Data entries

'''

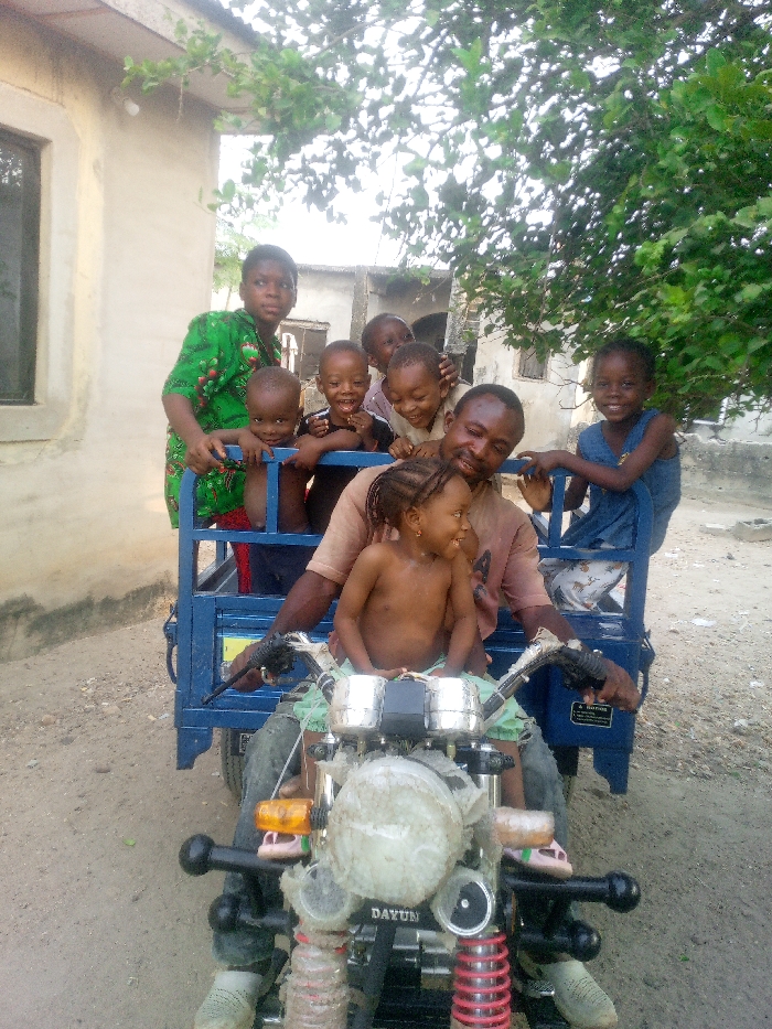 A man sits on a three-wheeled motorcycle with a group of children around him. A little girl is on the front seat, a group of children are seated on the back, and one stands behind. The motorcycle has a blue cargo bed behind the driver's seat. The vehicle is a DAYUN model. The group is outside a residential area.
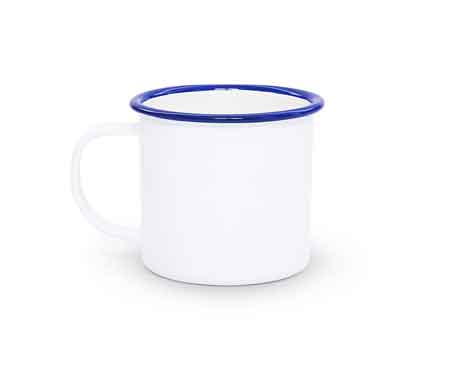 Enamelware set of 4 coffee mugs from Crow Canyon Home. 12 ounce capacity to the rim. 3.5" diameter and 3.25" high. Curled rim like traditional enamelware. Made from high quality steel coated with white porcelain enamel with a blue rim. Durable enough to use every day at home, outside, in the RV or at the camp ground. Dishwasher safe. Do not leave in standing water.
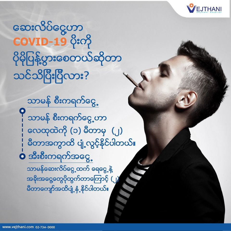 COVID-19 ရွိတဲ့သူတစ္ေယာက္က ေဆးလိပ္ (သို႔) အီးစီးကရက္ကို ရႈရွိက္ေသာက္သုံးလိုက္တဲ့အခါ ခၽြဲသလိပ္နဲ႔ တံေတြးေတြပိုမိုျဖစ္ေပၚလာေစၿပီး COVID-19 ပိုးေတြလဲ တစ္ပါတည္းထြက္ရွိလာနိုင္ပါတယ္။ ေဆးလိပ္ေငြ႕မႈတ္ထုတ္လိုက္တဲ့အခါ COVID-19 ပိုးဟာ ေဆးလိပ္ေငြ႕နဲ႔အတူ ေလထဲကိုပ်ံ႕လြင့္လာပါလိမ့္မယ္။
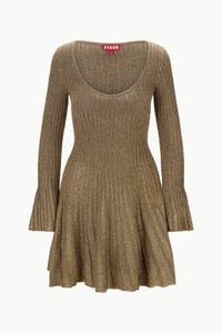 The Raquel Dress is crafted from a lurex compact knit fabric and features bell sleeves and a scoop neck. MORE DETAILS - 45% Polyester, 27% Metallic, 26% Nylon, 2% Elastane - Model is 5'10 and wearing a size S - Dry Clean Only
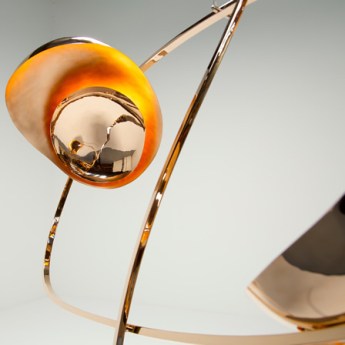 Fouette II: Mirror polished hand formed solid bronze, Opal Glass /

'''

Task to carry out: Give back each line above verbatim, dropping every picture.

Exercise result:
 A man sits on a three-wheeled motorcycle with a group of children around him. A little girl is on the front seat, a group of children are seated on the back, and one stands behind. The motorcycle has a blue cargo bed behind the driver's seat. The vehicle is a DAYUN model. The group is outside a residential area.
 Enamelware set of 4 coffee mugs from Crow Canyon Home. 12 ounce capacity to the rim. 3.5" diameter and 3.25" high. Curled rim like traditional enamelware. Made from high quality steel coated with white porcelain enamel with a blue rim. Durable enough to use every day at home, outside, in the RV or at the camp ground. Dishwasher safe. Do not leave in standing water.
 COVID-19 ရွိတဲ့သူတစ္ေယာက္က ေဆးလိပ္ (သို႔) အီးစီးကရက္ကို ရႈရွိက္ေသာက္သုံးလိုက္တဲ့အခါ ခၽြဲသလိပ္နဲ႔ တံေတြးေတြပိုမိုျဖစ္ေပၚလာေစၿပီး COVID-19 ပိုးေတြလဲ တစ္ပါတည္းထြက္ရွိလာနိုင္ပါတယ္။ ေဆးလိပ္ေငြ႕မႈတ္ထုတ္လိုက္တဲ့အခါ COVID-19 ပိုးဟာ ေဆးလိပ္ေငြ႕နဲ႔အတူ ေလထဲကိုပ်ံ႕လြင့္လာပါလိမ့္မယ္။
 The Raquel Dress is crafted from a lurex compact knit fabric and features bell sleeves and a scoop neck. MORE DETAILS - 45% Polyester, 27% Metallic, 26% Nylon, 2% Elastane - Model is 5'10 and wearing a size S - Dry Clean Only
 Fouette II: Mirror polished hand formed solid bronze, Opal Glass /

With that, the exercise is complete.